We keep the situation of the children very confidential but I can only open up a little here for people to help us with our situation. We have cases of abused children that the social welfare takes up and bring to us but it is not everybody that knows about such and all the children do not know their various situations; they are only aware of the collective growth within the home but do not know about the past of each other.” She noted that the process of rehabilitating a child in the home usually starts with counselling sessions and observation of environmental behaviour of such child, saying, “We counsel the children according to their conditions to
help them get out of the situation and even amongst the nannies, we counsel them on how best to handle the children to achieve the overall aim of bringing them to become whole beings.

And in a home with that number of children, perhaps hygiene could be a problem, Ajagun told THISDAY that “the children are always involved in cleaning the environment while we have two gardeners that are employed to clean the environment.” Yet, she acknowledged that disposing the refuse has been a problem because the agency responsible has not been responsive for sometime.

“Our refuse disposal site has been overflowing with dirt for months now and from my assessment, we use to have the Abuja Environmental Management Board come here to clear the refuse regularly but for a very long time now they have stopped from coming and I learnt they last came here about six months ago even before my resumption and that was before I resumed here. I can tell you that constitute serious health danger to these children and it is an immediate source of infection to the children. So we will really appreciate that they help us clear the refuse even if it is just once in a week, that will do us a whole lot of good,” she said.
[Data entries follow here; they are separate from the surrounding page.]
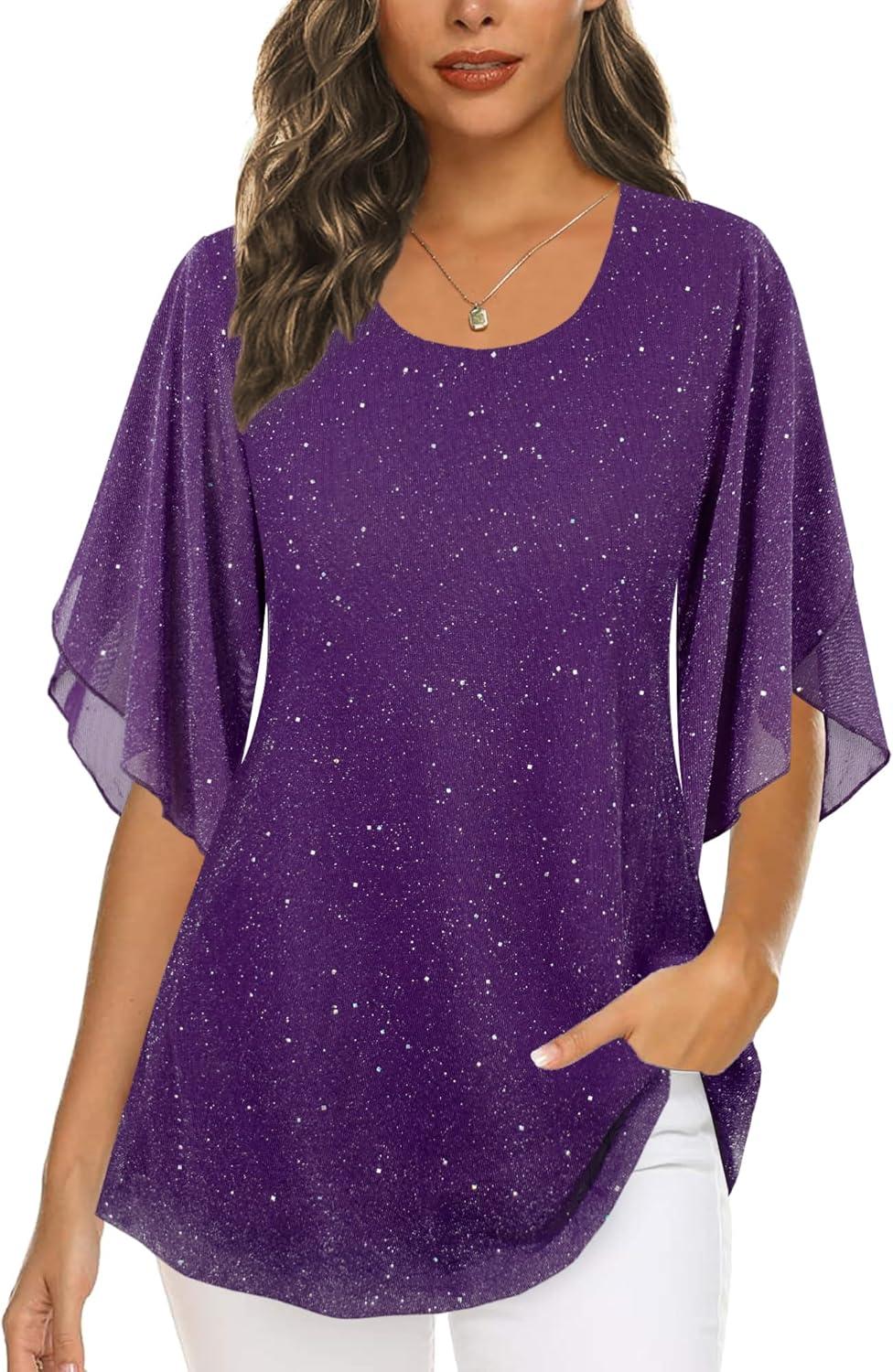 Ninedaily Women’s Tops 3/4 Sleeve Blouses Dressy Casual Double Layers Mesh Tunic Shirts(Sparkly Purple)
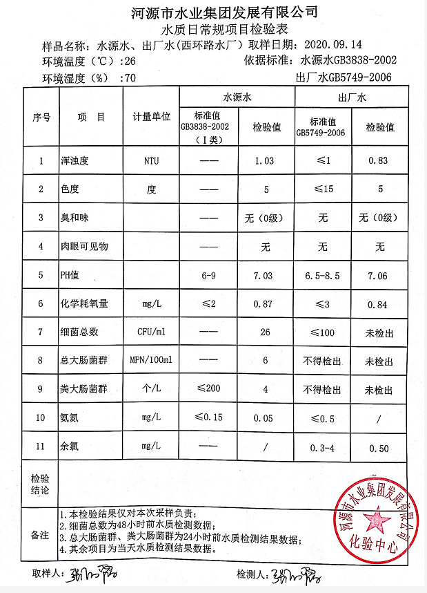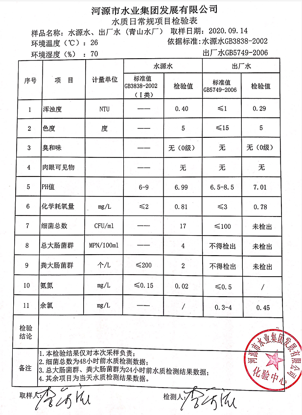 2020年9月14日水质检验报告
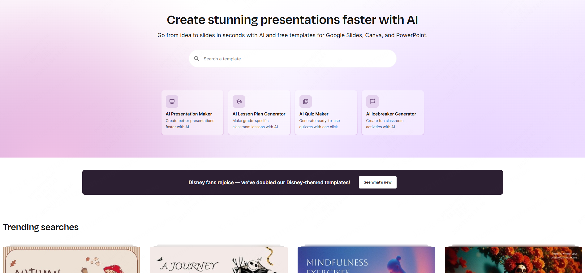 Slidesgo是一款广受欢迎的免费AI演示文稿制作工具,它与Google Slides和PowerPoint保持良好兼容,为教师、学生和企业用户提供了一个快速、高效的幻灯片创作解决方案。你只需输入一个主题,Slidesgo就能在几秒钟内为你生成一份视觉效果出色的演示文稿。
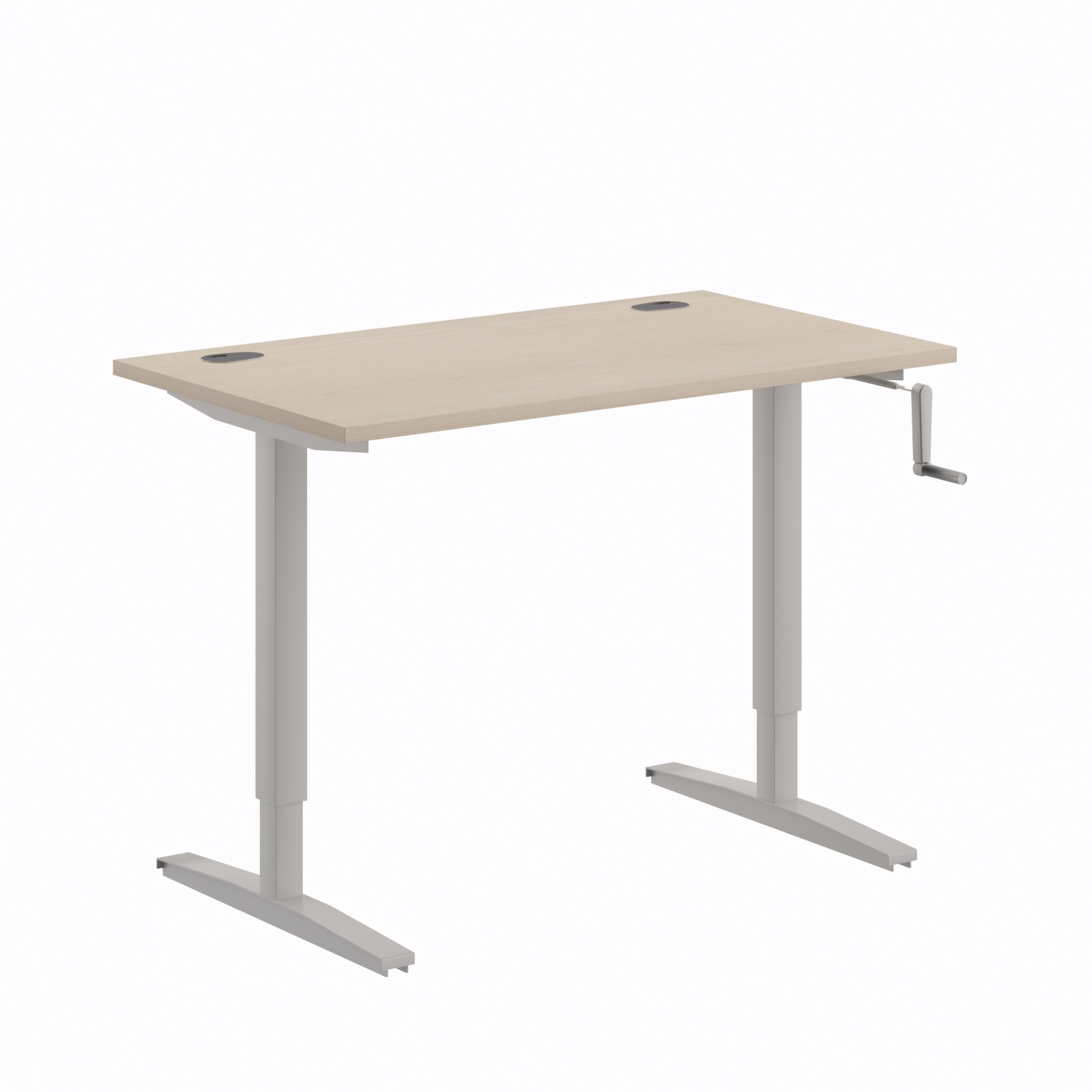 Столешница из ЛДСП т.25мм., кромка ПВХ т. 2мм. Комплектуется двумя заглушками кабель-каналов. Опоры - металлокаркас с механическим устройством изменения высоты. Металлокаркас из профиля трубы, в основании 675х60х45 т.3мм, телескопические опоры 50х50х2,5мм и 60х60х3,5мм. Основание подстолья толщиной 2,5мм с траверсой, толщина внешней трубы 2,5мм, внутренней - 2 мм.

Seeking more personnel, she said: “We have two cooks here that run shifts. I believe that is not enough but due to lack of fund, we may not be able to get additional hands to employ and so when I discovered on resumption that the cooking was not particularly done hygienically, I initiated measures to salvage the situation. I join in doing the cooking and they all think it is abnormal but that is part of the responsibilities of a matron in such a home and with such measures, our level of hygiene is improving. “The children are also involved in the cooking of their food. We now have duty schedules for them because they have to be trained in all facets of life, so that when they leave here they can become somebody in life.

Life After the Home “The children do turn out good depending on how you handle them, it is the kind of growth and behavioural attributes they pick from home that they will present in the larger society and that is why we make sure that they are brought up with strict compliance in accordance with set of rules within the home.

“We have grown up girls that we take extreme care to handle considering their level of understanding, we make sure that we have an impartial judgement of their actions but teach them the right values such that when they get out here, they are seen by the society as complete humans capable of doing things rightly. “Passion for children has propelled me to do this. I have always wanted to adopt children outside of my own biological children but hadn’t been successful at it, but you can see how it turned out for me after all these years of trying to adopt. I am now saddled with the job of taking care of 56 children at once, how much of fulfillment do I want again,” she said.